The first Takeshi Kitano film to get distribution in America, Fireworks (1997), was obviously a mature work, somber and assured in tone, effortlessly pictorial and anchored by the writer-director’s collapsed acting style. Expressionless, he peered out at the world from some deep recess of isolation, only becoming animated when moved to violence.
Working our way backward, his next U.S. release was Sonatine (1993), a gangster film with a long center of often comic digressions, an extended pause while the principle waited for the storyline to resume.

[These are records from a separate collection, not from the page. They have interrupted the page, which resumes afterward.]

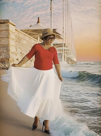 在那片温柔的海边,时光仿佛也放慢了脚步。一位身着红衫白裙的女子,亭亭玉立地站在沙滩上。她轻提裙摆,似与海风共舞,又似在与大海诉说着秘密。远处的遮阳伞在海浪的低吟中静静伫立,像是守护着这份独属于海边的浪漫。这一刻,海的辽阔与她的柔美相互交织,构成了一幅令人心动的画卷,让人沉醉其中,不舍离去。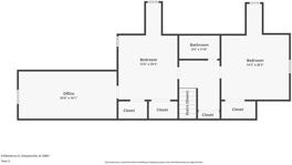 The primary suite offers comfortable privacy with an en-suite bath featuring dual pedestal sinks and a tiled shower. Additional bedrooms provide ample flexibility for various needs, complemented by a bright full bath. Each room is enhanced by neutral tones and generous natural light.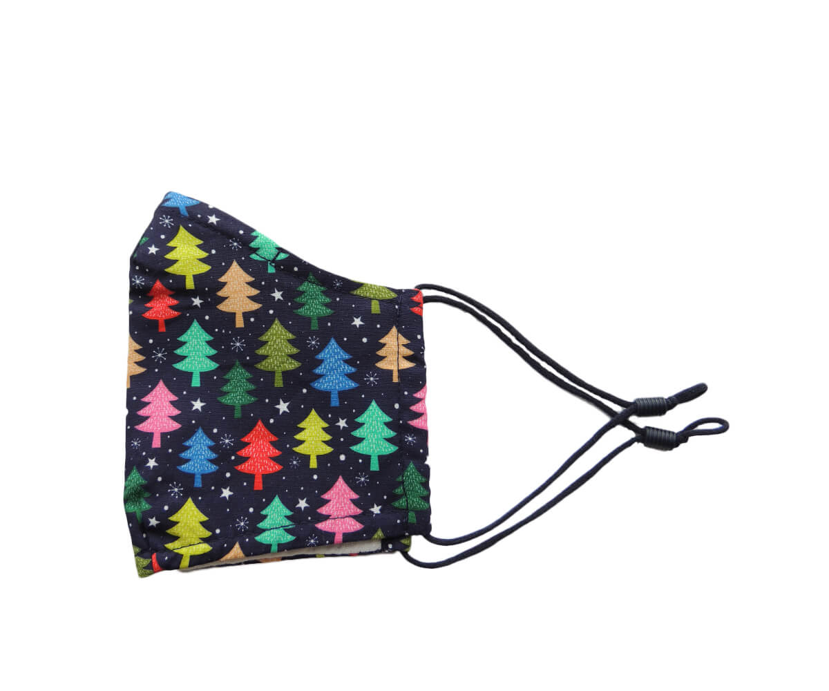 Máscara de tecido reutilizável estilo natalino composta por três camadas: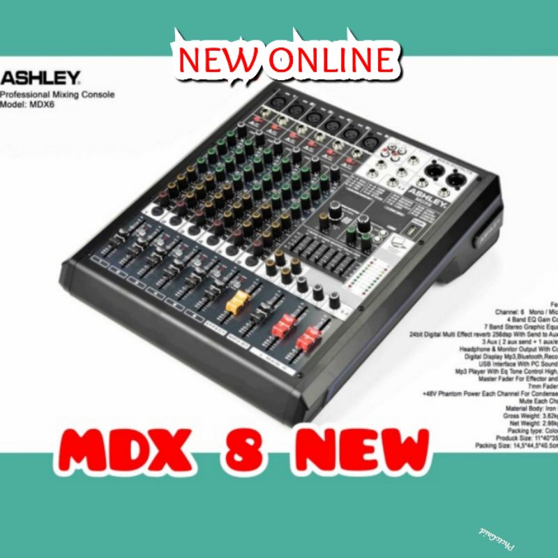 Spefikasi MIXER MDX8 ASHLEY ORIGINAL 8CHANNEL Fader 60mm With digital display mp3 usb flasdick mps input With record function usb Dual twelve band level display main output 3 aux 2 send 1oux pre 3 band equaliser eq each channel Effect reverb 24Bit 256dsp With blueooth conected Record earphone Monitor autput Phantom power Mute each channel Barang original pt ashley garansi resmi Kwalitas sangatlah bagus , bos bos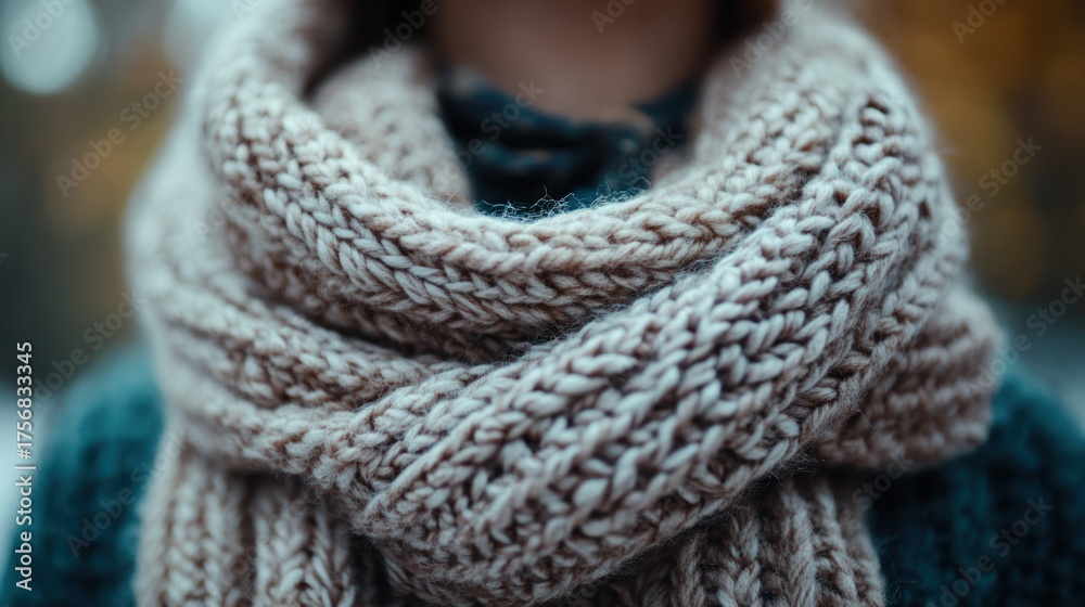 A close-up of a knitted scarf, emphasizing its texture and color. #1756833345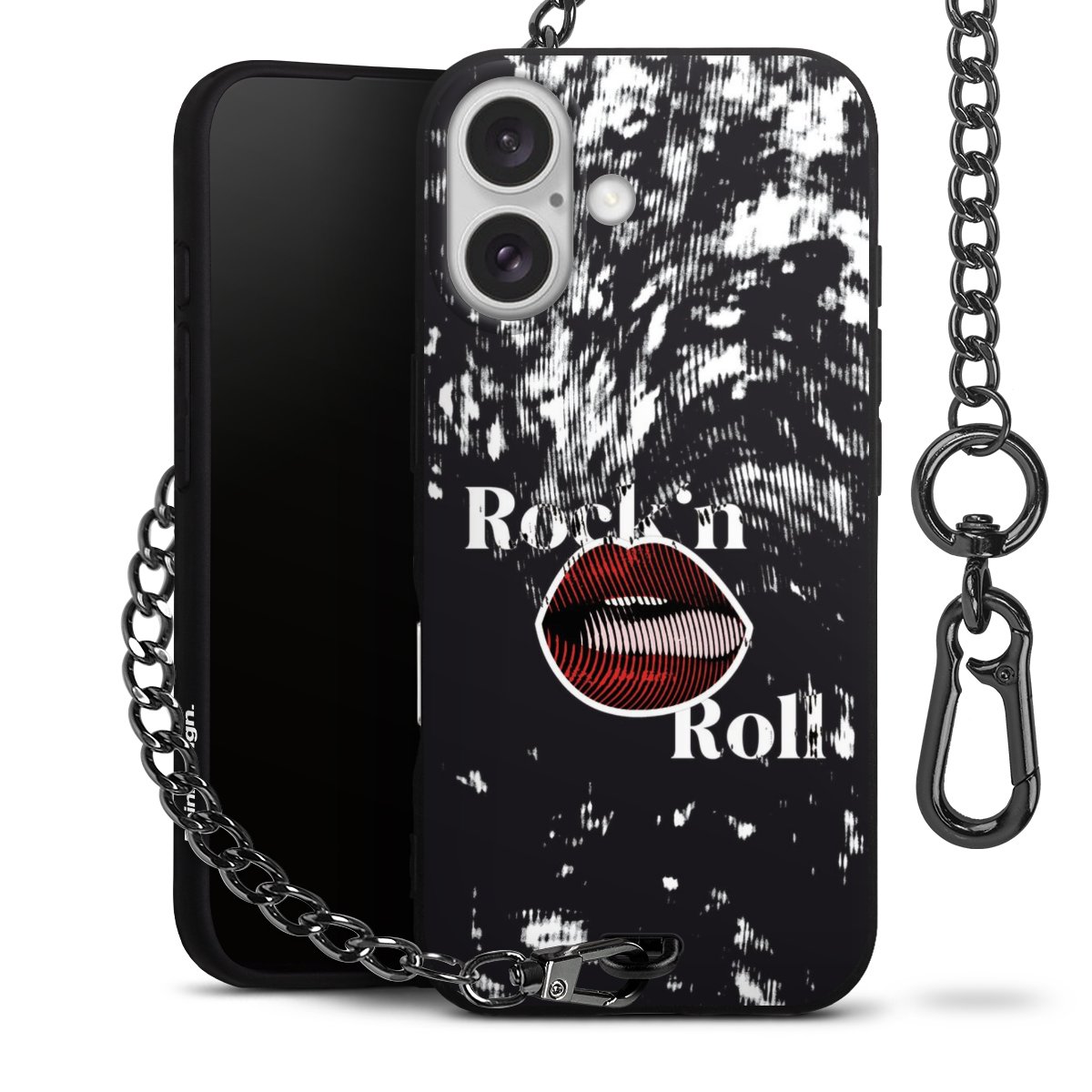 - Mattschwarze Handyhülle mit Metallkette

Continuing backward, we now have Violent Cop (1989), Kitano’s first feature as actor and director, working from a script by Hiroshi Nozawa (which, reportedly, the director rewrote heavily). Noticeably less eccentric than his later work, this one has a familiar Dirty Harry scenario, but with Eastwood’s pained squint replaced by Kitano’s facade of paralytic boredom.
This renegade cop is no avenging angel of righteousness, but rather a warrior down in the muck, going through the motions. Even when he’s beating the crap out of a prisoner, his pervasive passivity precludes any expression of sadistic pleasure. It’s as though he’s alienated from the code he’s defending, depressed to the point of indifference by its intrinsic demands of fairness, but still serving it in principle.
Inevitably, his unorthodox efficiency leads to dismissal, just around the time he’s beginning to sniff out corruption in the department. With its seemingly unstoppable villain, its excessive body count and darkly ironic twist ending, Cop is both a rousing action-splatter flick and a small masterpiece of nihilistic intent.
With his second film, Boiling Point (1990), Kitano drops any pretense of acknowledging genre conventions. His wholly original script follows a nearly catatonic young man, a would-be baseball player who blunders his way into the Japanese underworld until he finds himself in the presence of a moody, psychotic gangster called Uehara (played, of course, by Kitano).
Just as Cop’s world of corruption spawned its rotted hero, Boiling Point’s world of stupidity has birthed Uehara, the monster fool. It’s an intensely misanthropic film, very funny in parts, casually brutal in others, a Swiftian satire, heartless and very attractive.